贄川村
にえがわむら
現荒川村の北西端、荒川上流の左岸に位置し、南は荒川を境に白久村、北西は猪狩山の峰を境に小森村(現両神村)。村の北部、字大指と同古池から流れ出る贄川沢が村の中央を南下し、荒川に注ぐ。古くは小野原村と一村であったという。秩父甲州往還が白久村から荒川越で当村に入り、同川沿いに西進して三峰山方面へと向かう。小名町は村の南部、秩父甲州往還から贄川沢沿いに北上して小鹿野町(現小鹿野町)へ向かう道が分岐する辺りにある。贄川町と通称されて、秩父甲州往還沿いに町場が形成され、高札場も設けられていた。
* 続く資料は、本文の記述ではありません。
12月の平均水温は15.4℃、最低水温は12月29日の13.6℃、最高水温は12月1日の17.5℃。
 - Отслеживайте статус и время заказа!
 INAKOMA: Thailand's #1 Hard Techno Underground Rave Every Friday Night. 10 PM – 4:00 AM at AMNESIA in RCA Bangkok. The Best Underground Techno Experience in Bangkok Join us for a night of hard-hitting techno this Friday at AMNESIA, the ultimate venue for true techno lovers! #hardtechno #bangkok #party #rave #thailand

「遊歴雑記」によると、秩父甲州往還は当地より西は片鄙な地となり、二里余離れた大輪(現大滝村)川側までは休憩する所もなかった。このため小名町の東西二町余の町並には食店・旅籠・商家などが立並んでいた。また御林山のある新大滝村・古大滝村(現大滝村)の入口にあたり、古くより切〆場として荒川を川下げする伐出木品改方を勤める村でもあった(文政八年「書付」二宮家文書)。
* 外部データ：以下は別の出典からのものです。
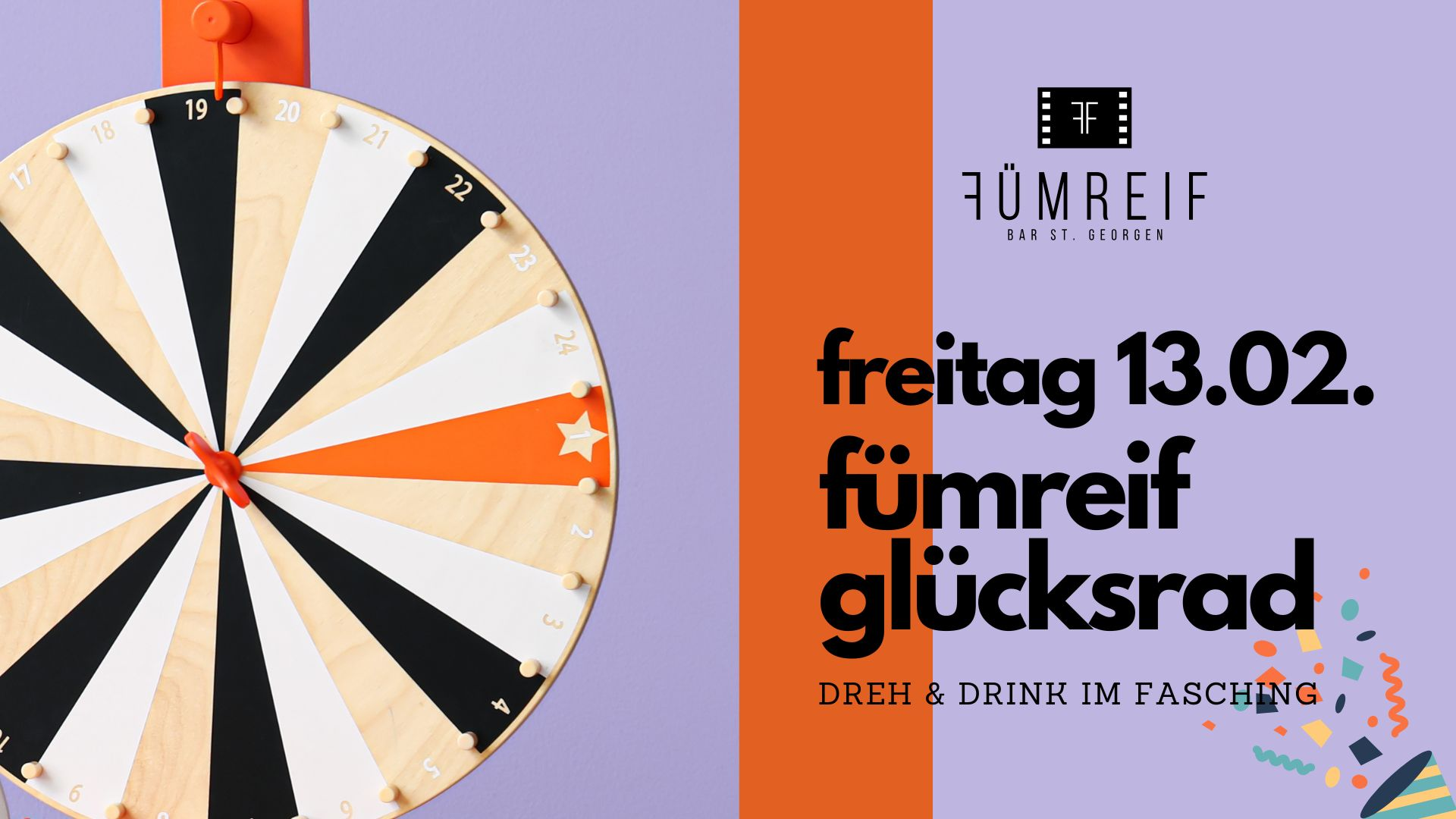 DREH & DRINK im Fasching!Versucht euer Glück uns sichert euch Getränke & Goodies am Fümreif-Glücksrad.

永禄五年(一五六二)一〇月一〇日の乙千代判物(逸見文書)によると、逸見蔵人に対して当地宝雲寺(現在は白久にある)二貫文などが前年以来の戦功を賞して与えられており、宝雲寺には「にへ川有之」との注がある。天正一八年(一五九〇)二月一二日、北条氏邦は大浜弥八郎に対して「贄川之内」新井縫殿助分一四貫文、同喜兵衛分八貫文の計二二貫文を与えている(「北条氏邦印判状写」武州文書)。
贄川村
にえかわむら
[現在地名]楢川村大字贄川
木曾最北端の村で、宿場町の贄川(上町・中町・下町)を中心に、南へ桃岡・横地、北へ中畑・若神子・片平・桜沢などの集落が中山道沿いに散在している。北端桜沢からは、桑崎を経て牛首峠を越えて伊那の小野(現上伊那郡辰野町小野)へ通ずる桜沢往還が分岐している。
木曾氏の北方の押えとして重視された所で、暦応元年(一三三八)木曾家村が贄川に関を設け、贄川氏の先祖となった四子家光(岐蘇古今沿革志)に、木曾境の桜沢山の砦を守らせている。